16 November 2010
This summer, strolling atop the massive travertine terraces of Pamukkale, Turkey, I checked out the necropolis (graveyard) of Hierapolis, an ancient city founded around 200 BCE and abandoned after an earthquake in 1534. One thing that caught my eye there was this tomb, built of travertine blocks:
A closer look is below, so we can check out its extended and dismembered nature:
Many offsets can be observed between the different blocks:
These appear to dominantly show stretching of the tomb in a downhill (towards the right) direction, though some blocks show an uphill displacement (like the leftmost two). So gravity may be a primary driver of this tomb deformation, but perhaps it is helped by occasional seismic shaking. Who knows? Perhaps even tomb raiders play a role in disturbing these ancient sites.
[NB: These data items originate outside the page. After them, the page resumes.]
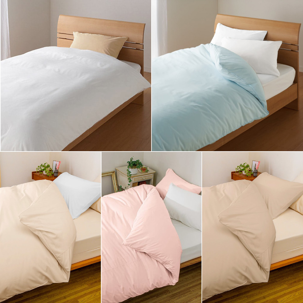 上段左から(ア)ホワイト、(オ)ブルー 下段左から(イ)ベージュ、(エ)ピンク、(ウ)モカブラウン ※お届けは掛け布団カバーです。
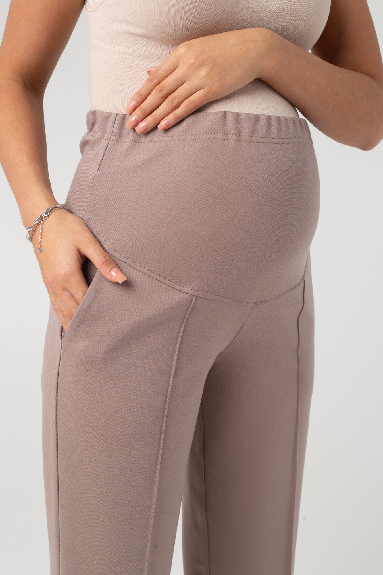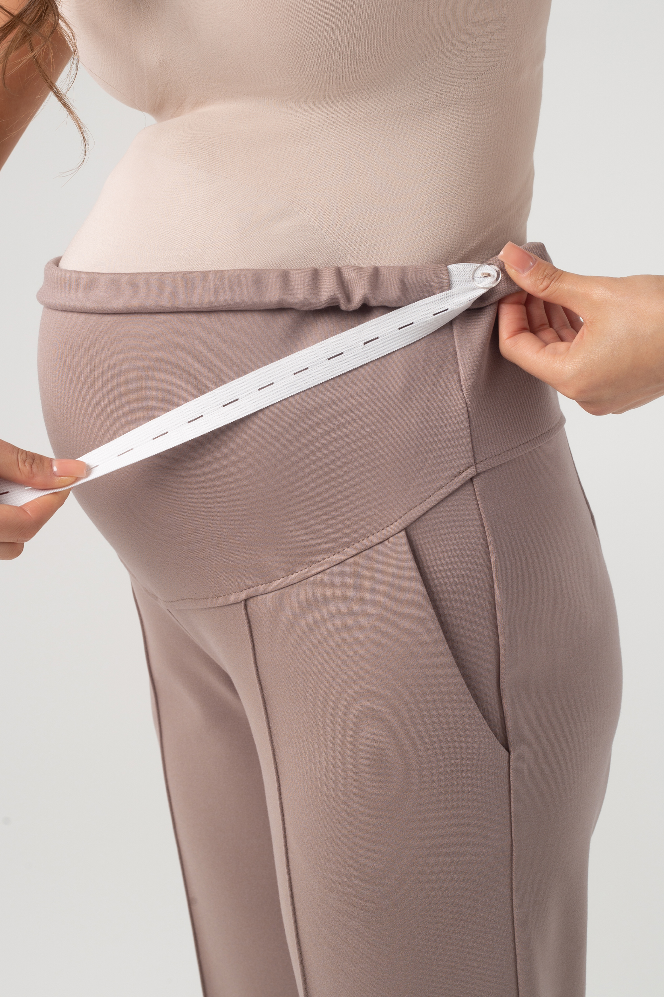 Прямые брюки для беременных выполнены из плотного джерси. Детали: высокий эластичный бандаж, скошенные боковые карманы, отстроченные стрелки. Объем регулируется с помощью перфорированной резинки, перестегивающейся на пуговицу, продетой в верхнюю часть изделия. Эластичность ткани и регулировка объема обеспечивают идеальную посадку на всем протяжении бременности. В зависимости от подобранных дополнений они могут стать частью и офисного костюма, и одежды для непринуждённого отдыха, и наряда для торжественного события.
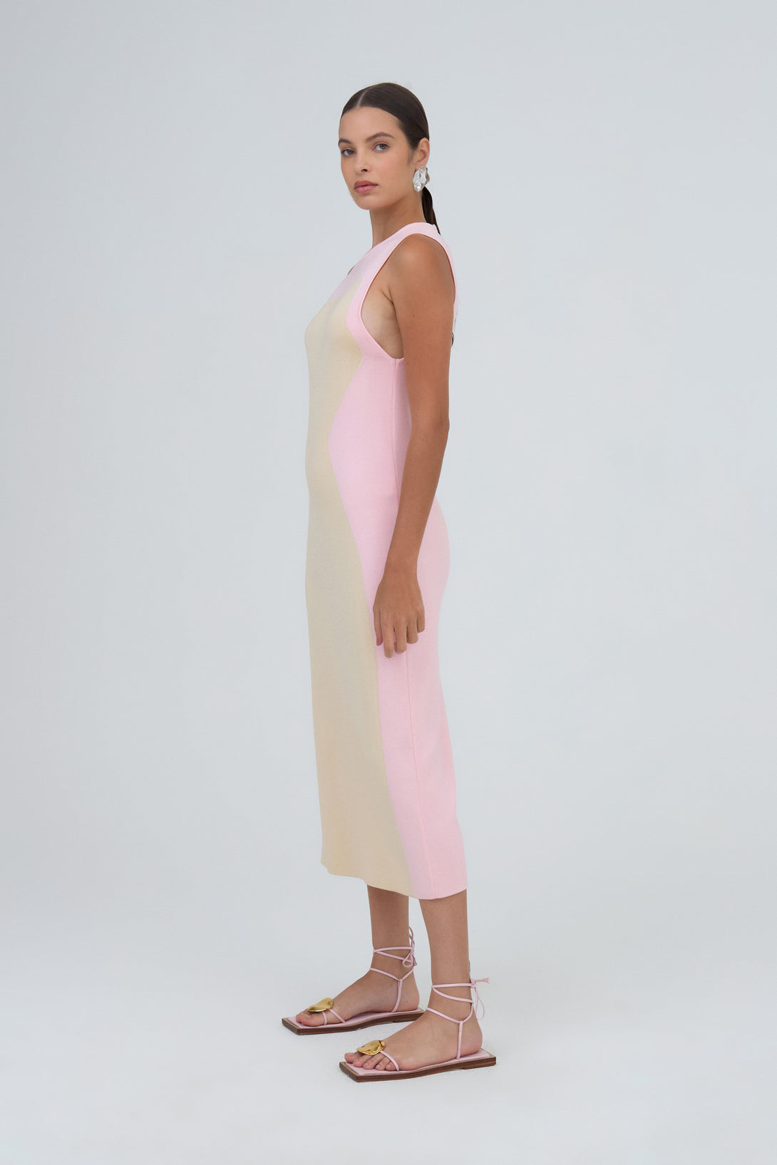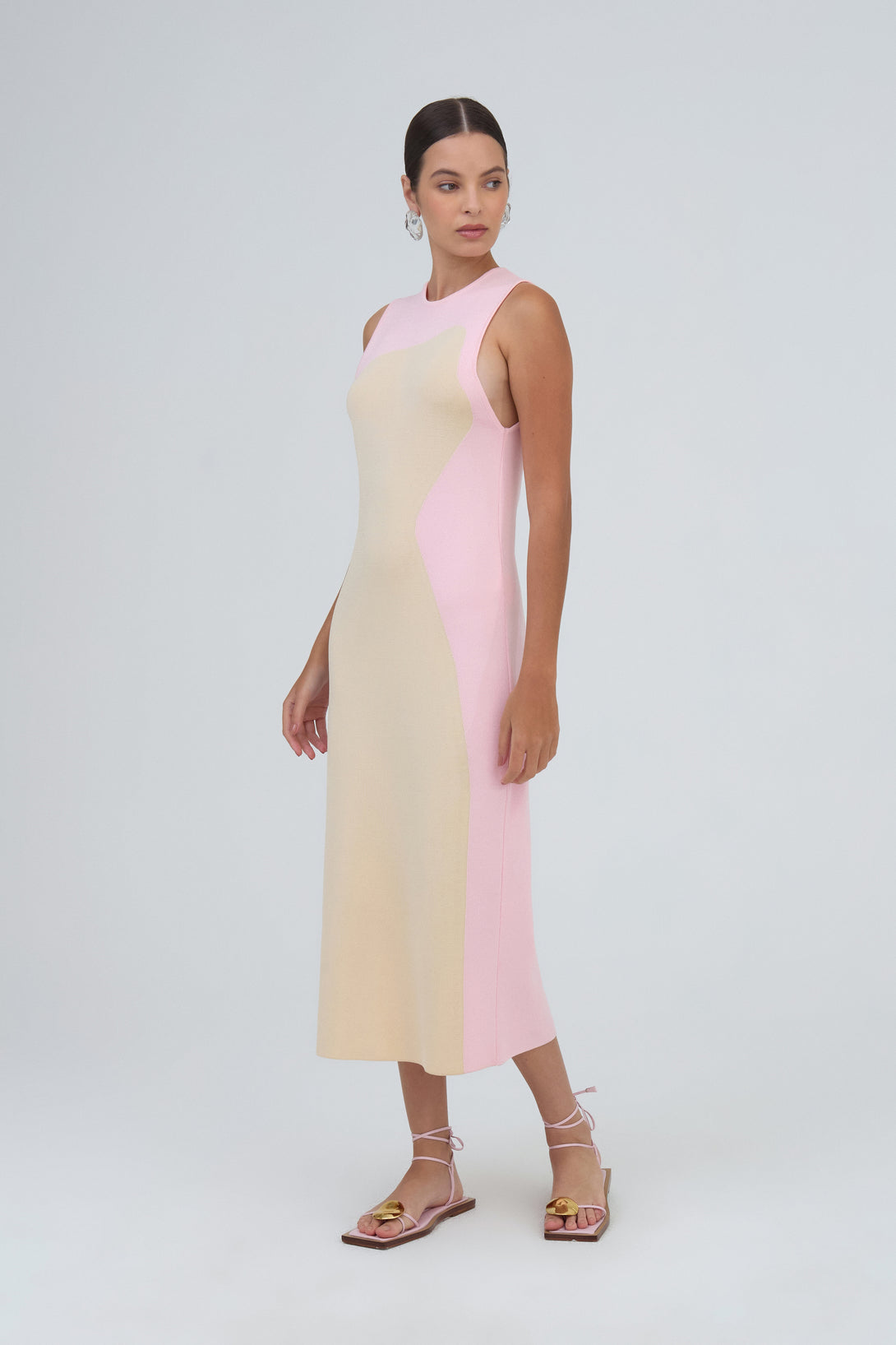Vestido Midi Bicolor Formas Orgânicas Em Tricot Rosa Nude

Putting a ruler up to the computer screen (and assuming a minimal amount of distortion by the lens and perspective), I measured coherent segments of the roof, and also the gaps in between them:
This data allows us to play some strain games…
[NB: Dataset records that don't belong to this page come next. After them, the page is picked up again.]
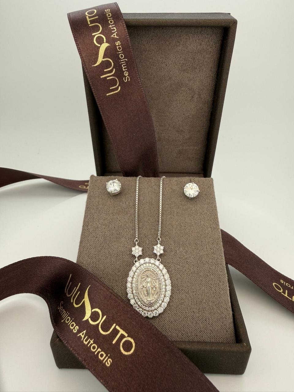 O colar apresenta medalha religiosa ricamente detalhada, envolvida por um halo de moissanites que potencializam o brilho e criam um efeito luminoso intenso e refinado. As estrelas na corrente adicionam delicadeza e simbolismo à composição.
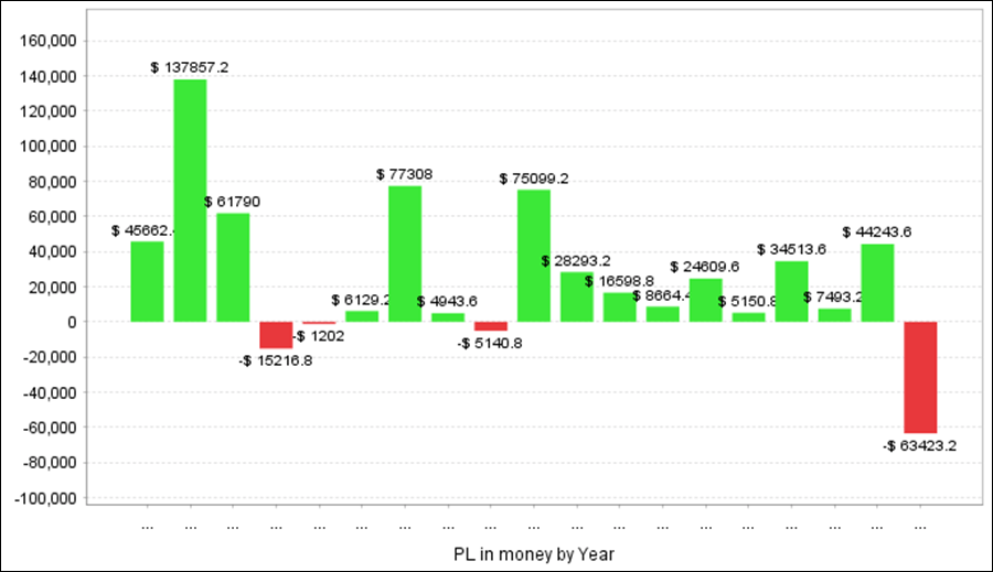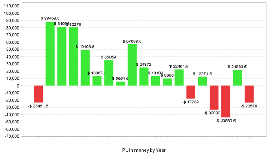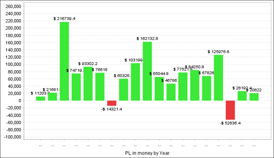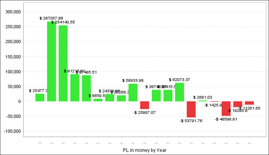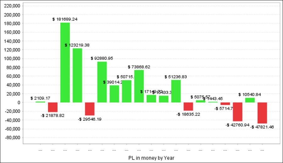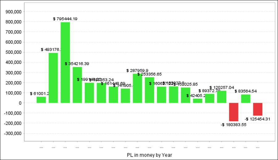 QuantAnalyzerを使って5通貨ペアを合計すると、過去18年間で+345万円の収益となりました。
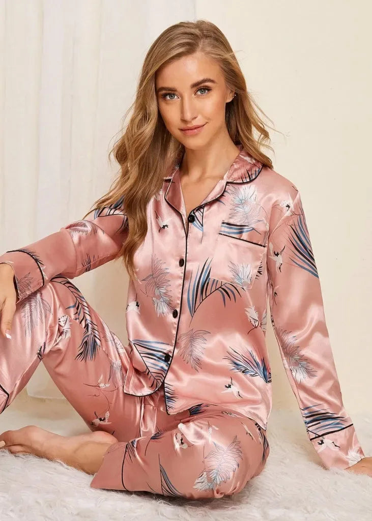 Studio By Arj Leaf Print Satin PJ Set

4 + 6.5 + 4.5 cm = original length (at photo scale) = lo = 15 cm
0.8 + 0.5 cm = net amount of total additional length imparted due to deformation (at photo scale) = 1.3 cm
final length (from one end of the white bar to the other) = lf = 15+ 1.3 = 16.3 cm
Stretch (S) = (lf-lo)/lo = 1.3/15 = 0.087
elongation (e) = lf/lo = 16.3/15 = 1.087
(No units on S and e, as the cm’s cancel out in the division)
Note that: S+1 = e
At least as far as the “roof” blocks are concerned, this tomb has been stretched by 8.7% of its original length, resulting in a present-day length that is 108.7% of its original length.